Pivoting is something a lot of entrepreneurs struggle with. They want to execute on the exact idea they’ve had since age 12 despite the market not responding. How did you all get comfortable with adapting?
Once you find a more effective way of doing things, you can't be attached to what has worked previously. To us, the word pivot is everything, but it took some time to get there, especially for me. I had to realize that the most important thing is staying rooted in the values, the execution can change to align with the most viable strategy.
What’s on the horizon for you?
As for as it pertains to BREAUX, it's more growth and having members everywhere. As for myself, I'm realizing I like entrepreneurship, so becoming more of a serial entrepreneur and working on other ventures. I’m also currently working on creating more education opportunities for my community in Brooklyn.

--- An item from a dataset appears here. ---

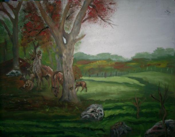 Tanulmány a Szarvasbőgéshez (olaj, fa; 24 x 25,3 cm, 2001) |

How do you stay motivated as you strive to achieve your goals?
I practice meditation and then I'll say "I'm living the dream that my parents couldn't." Once I say that, my morale recovers. The entrepreneur journey can be very confusing and daunting. You may have passed up more stable opportunities, so you're wondering if you chose the wrong option. The way I come back is realizing that so many people can't do what I'm doing, so let me do it for them and let me do it for my parents. Both of them died working hard with their own dreams, but they couldn't fulfill them. In their memory and their spirit, me continuing on this journey will please me while pleasing them at the same time.